From the beginning of my time in the Real World™, I’ve been consistently shocked at the extent to which self help culture permeates every aspect of American life. From my days working in a grocery store to my days working in the classroom, from grade school to grad school, I’ve had it hammered into me that the world that exists a rung above me is fixed and unmoveable. I’ve been told that the decisions made above my station in life are what they are, and nothing that results from those decisions can be changed or fixed. I’ve learned, over and over again, that what I CAN fix is my attitude, my outlook.
Every time I think I’ve escaped the self-help bubble, I turn a corner to see it rearing its ugly head again. Over time, I’ve come to understand that this an integral part of how our society shifts responsibility for our collective problems to the individuals who are least responsible for them. Our energy for change is always directed inward and downward instead of outward and upward. It’s the grease that keeps this machine running.
I have to admit here that I have, in the past, directed a great deal of judgment at the people who gravitate towards self help culture. I’ve always found it odd that people can approach this kind of stuff – which is ultimately so repetitive and so limiting – and find some sort of revelatory value in it each time. There’s clearly a religious element in the whole venture, and at my worst moments you can always find me sneering at anything that even vaguely smells of religion.
But even moreso than the ritual of it all- the spiritual incantations, the meditative mindfulness, the practiced reactions to the world around us – there’s a fundamental faith in the rationality of the world around us. In this world, credit scores are an act of God and police are rational arbiters of all that is right and good in the world. In this world, anyone who works hard enough can become rich, and anyone who has sufficient belief in themselves can navigate the incomprehensible maze that our society has set up for them and somehow come out on the other end with their dignity intact. The fact that the mechanisms of this world punish people for failure to navigate its intricacies through depriving them of food, housing, and healthcare is an immutable fact of life. These mechanisms are a result of natural law in the same way that the rising and setting of the sun is. To maintain this faith, a person almost has to engage in religious rituals. A person has to assume that any problems they encounter are a result of their own personal defects.
Of course, the reality of our country’s economic structure isn’t exactly easy to stomach. The reality is that wealth and comfort are primarily reserved to those who are born into it, regardless of the effort they put in. The reality is that people who possess the worst character traits are are often ushered into positions of power through systems that are designed to limit opportunities for people of conscience. The reality is that with every day that passes, a person born into limited means is less likely to escape their social station than a person born the day before. And things have been heading inexorably in that direction – albeit at varying speeds – for the entirety of my life and that of millions of others. There simply aren’t many people who have the social and economic foundation built under them to function regularly in their daily lives with that knowledge and understanding.

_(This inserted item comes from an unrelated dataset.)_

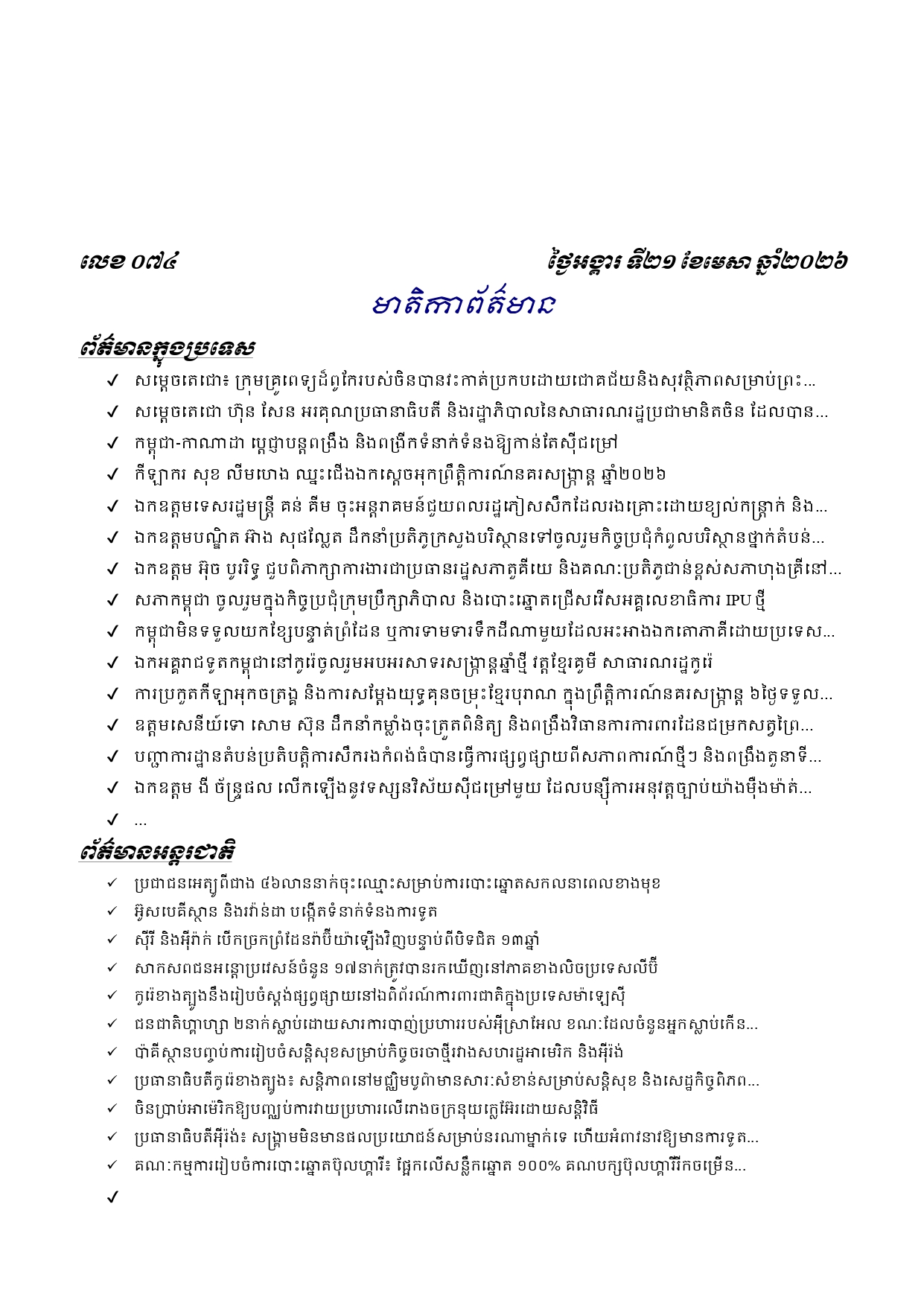 ក្រសួងកសិម្មបានឱ្យដឹងថាកិច្ចប្រជុំនេះបានធ្វើឡើងកាលពីថ្ងៃទី២០ ខែមេសា ឆ្នាំ២០២៦ ដែលដឹកនាំដោយឯកឧត្តម សៀក ឡេង អនុរដ្ឋលេខាធិការ ទទួលបន្ទុកការងារឌីជីថល ក្រសួងកសិកម្ម រុក្ខាប្រមាញ់ និងនេសាទ។

So at the end of the day, people who are chasing self-help culture – the ones who go to the workshops, buy the books, and practice the rituals – are channeling their energy in the only way our society allows. And that pursuit is not a sign of weakness, but of strength. They are trying to tackle an impossible task – to change the very wiring of their brain and rid themselves of the nagging doubt about the world around them. Not only is that a tough mountain to climb, it’s the only one that they can see in front of them. And good for them for trying to conquer it.
Of course, this doesn’t mean I agree with our society’s incessant need to shift responsibility from institutions to individuals. Self-help purveyors have their share of hucksters, ambulance-chasers, and those who profiteer off of human suffering – but what religion doesn’t? These purveyors are chasing what capitalism demands that all of us chase- a growth market. They’re selling, selling, selling to an audience that is only growing larger every day. And it makes sense that it’s a growth market. Right now, the expectations that we are placing on individuals to succeed are greater than ever in a world where there are objectively fewer opportunities to succeed than ever before. It makes sense, in this world, that people gravitate towards a philosophy that asks them to direct their energy inward instead of outward. It makes sense that people are yearning to maintain their faith in the world around them even as that world is proving itself to be woefully inadequate to the needs of its people. The alternative is scary as shit.